Only one span is wanted from the lines below: from the one with "zn. Fe. č. 4" up to and including the one with "Querkraft建筑師從歷". Copy it exactly, without images.

+++ The input

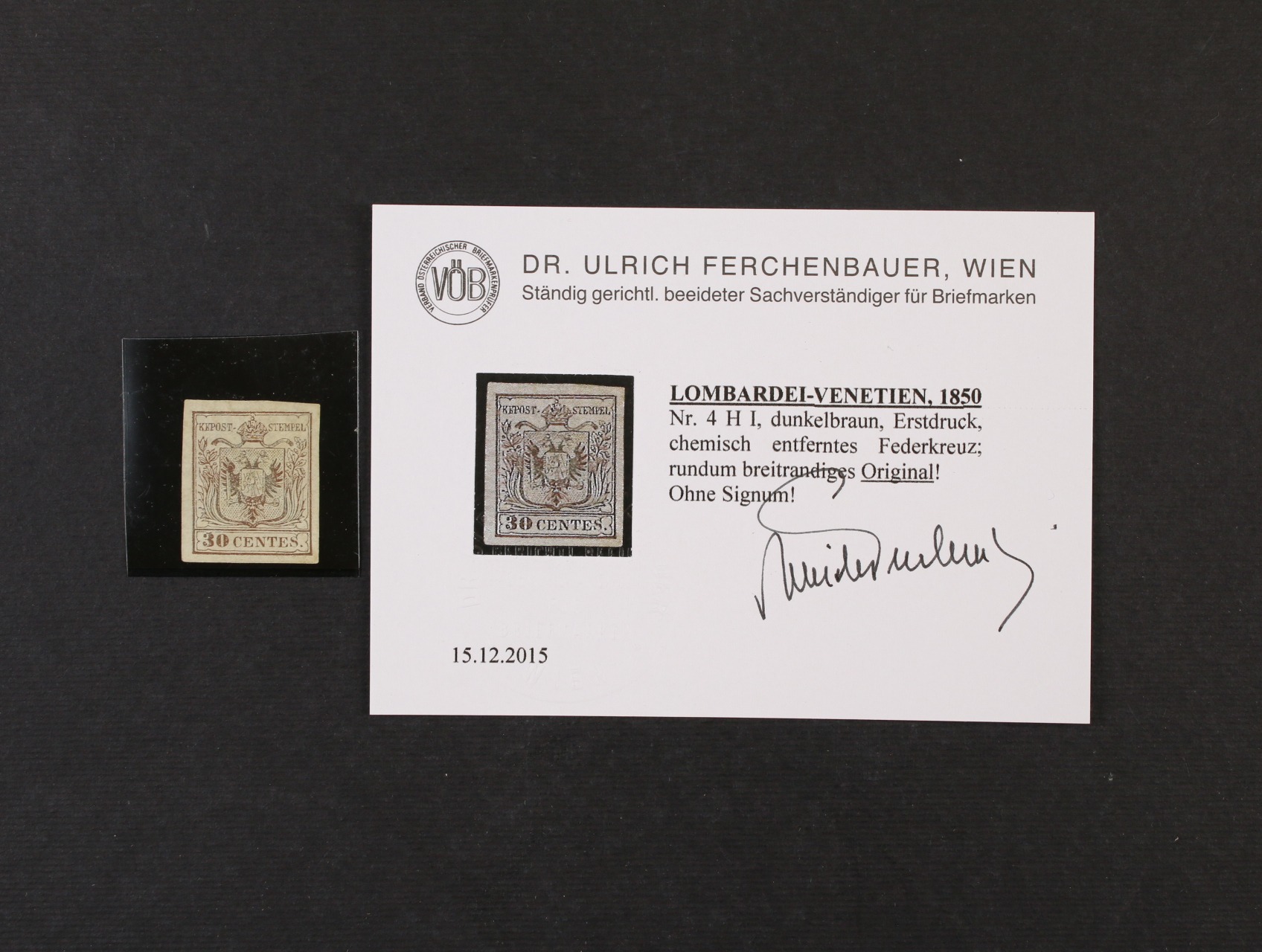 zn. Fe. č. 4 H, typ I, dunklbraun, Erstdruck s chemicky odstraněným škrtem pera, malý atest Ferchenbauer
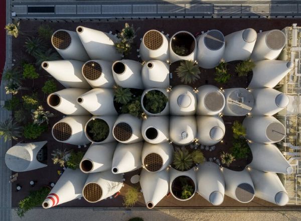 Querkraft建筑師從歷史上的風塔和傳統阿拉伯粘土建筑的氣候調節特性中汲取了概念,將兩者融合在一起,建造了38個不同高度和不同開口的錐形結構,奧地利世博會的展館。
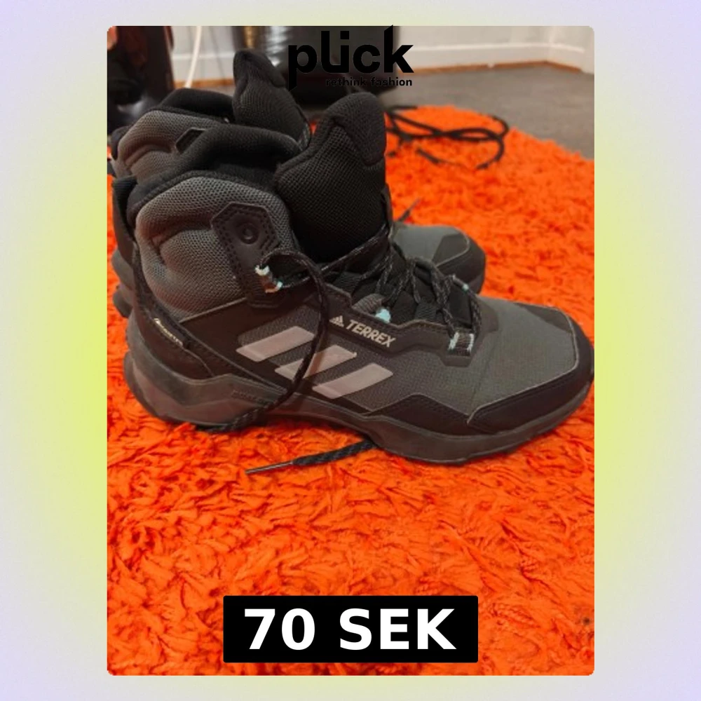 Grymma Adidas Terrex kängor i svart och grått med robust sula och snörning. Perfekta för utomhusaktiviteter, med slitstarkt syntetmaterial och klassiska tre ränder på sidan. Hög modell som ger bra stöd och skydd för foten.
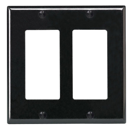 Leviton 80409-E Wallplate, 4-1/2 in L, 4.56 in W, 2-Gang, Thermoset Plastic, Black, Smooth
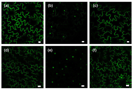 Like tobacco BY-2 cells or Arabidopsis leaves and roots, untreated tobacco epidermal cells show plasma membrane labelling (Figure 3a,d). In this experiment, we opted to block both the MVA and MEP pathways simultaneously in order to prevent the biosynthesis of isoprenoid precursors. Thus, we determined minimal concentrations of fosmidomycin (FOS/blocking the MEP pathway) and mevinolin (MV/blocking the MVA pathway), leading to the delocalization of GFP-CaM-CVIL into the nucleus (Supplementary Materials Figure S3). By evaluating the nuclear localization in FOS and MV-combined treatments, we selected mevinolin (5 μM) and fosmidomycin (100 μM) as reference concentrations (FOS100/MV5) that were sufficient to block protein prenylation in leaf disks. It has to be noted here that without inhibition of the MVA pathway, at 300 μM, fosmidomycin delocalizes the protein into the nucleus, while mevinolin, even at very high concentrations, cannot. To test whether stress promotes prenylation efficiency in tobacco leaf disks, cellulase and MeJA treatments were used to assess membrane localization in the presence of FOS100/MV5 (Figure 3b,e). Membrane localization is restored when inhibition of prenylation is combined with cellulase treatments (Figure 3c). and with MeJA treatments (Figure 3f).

++++++
+++ The input

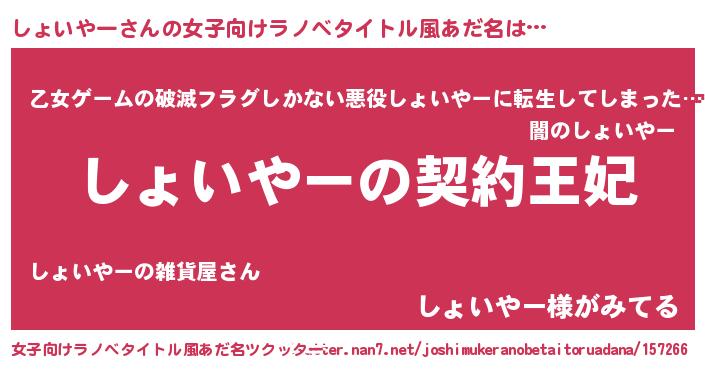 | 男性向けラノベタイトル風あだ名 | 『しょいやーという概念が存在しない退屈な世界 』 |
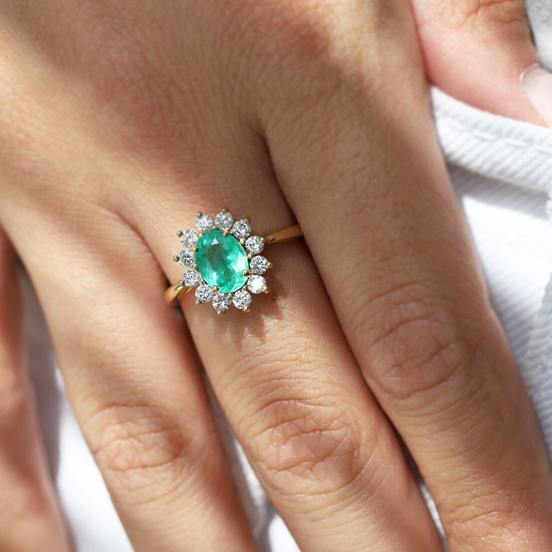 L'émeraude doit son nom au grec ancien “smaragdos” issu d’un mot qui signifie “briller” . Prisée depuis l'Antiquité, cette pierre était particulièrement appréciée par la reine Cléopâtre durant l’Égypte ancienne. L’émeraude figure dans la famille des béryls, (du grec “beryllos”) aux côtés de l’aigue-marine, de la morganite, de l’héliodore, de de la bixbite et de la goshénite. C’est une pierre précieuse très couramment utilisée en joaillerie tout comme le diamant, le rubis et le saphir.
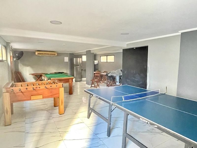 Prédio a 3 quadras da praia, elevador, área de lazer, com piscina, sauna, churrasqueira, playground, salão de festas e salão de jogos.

++++++
+++ The input

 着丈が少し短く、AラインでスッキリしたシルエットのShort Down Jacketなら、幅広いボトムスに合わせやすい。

++++++

Solution to the problem>
 zn. Fe. č. 4 H, typ I, dunklbraun, Erstdruck s chemicky odstraněným škrtem pera, malý atest Ferchenbauer
 Querkraft建筑師從歷史上的風塔和傳統阿拉伯粘土建筑的氣候調節特性中汲取了概念,將兩者融合在一起,建造了38個不同高度和不同開口的錐形結構,奧地利世博會的展館。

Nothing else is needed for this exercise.